本人には特にその意味を教えなかった。というか、昇平には薬の効用をまだ教えてないのだ。今の段階で薬の効果を話してしまうと、変に薬に頼る気持ちが昇平に生まれそうで、それが怖いのだ。薬はあくまでも補助であって、がんばって成長しているのは彼自身の力だから、それが理解できるようになるまでは話したくないな、と考えている。
初日。午後の行動に特に変化はなし。床屋に行って散髪してきたが、しかにもよくがんばっていた。顔を剃ってもらうときだけ、くすぐったがって騒いで顎をちょっと切ってしまったが、それは良い授業料だったと思う。次回は絶対に動かないようにがんばるだろう。
これだけ変化がないなら大丈夫だろうか、と思っていたところ、夕方からかなり落ちつかない状態になった。リタリンが切れる時間帯だし、日中床屋をがんばったからその疲れが出たかな、と思いながら見ていた。

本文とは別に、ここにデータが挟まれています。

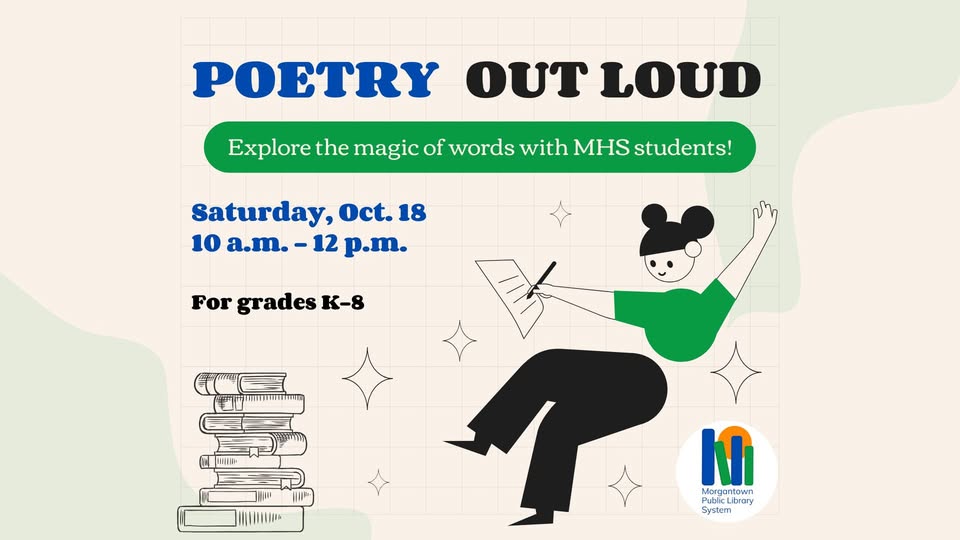 Join us for a fun and creative poetry workshop led by the Morgantown High School “Poetry Out Loud” Club! Kids in grades K–8 will get the chance to explore the magic of words through reading, writing, and hands-on activities. We’ll enjoy listening to and reading poetry, try our hand at writing our own verses, and create unique blackout poetry art. At the end, we’ll share the poetry we have created with each other. Whether you’re brand new to poetry or already love it, this workshop is a great way to express yourself and discover the joy of poetry.

翌日の水曜日も、朝は通常量で学童に行かせ、午後から2/3量にした。折しも福島は今年初めての積雪で庭が真っ白。お兄ちゃんと2人で楽しそうに雪遊びをしていた。特にトラブルもなく、楽しそうだった。
ところが、夕方からまた急激に落ちつきがなくなった。トラブルはないが、とにかく落ちつきなく動き回り、すぐに何かを思いつき、陽気に喋り続ける。日中の雪遊びの疲れか、それとも・・・と思いながら眺めた。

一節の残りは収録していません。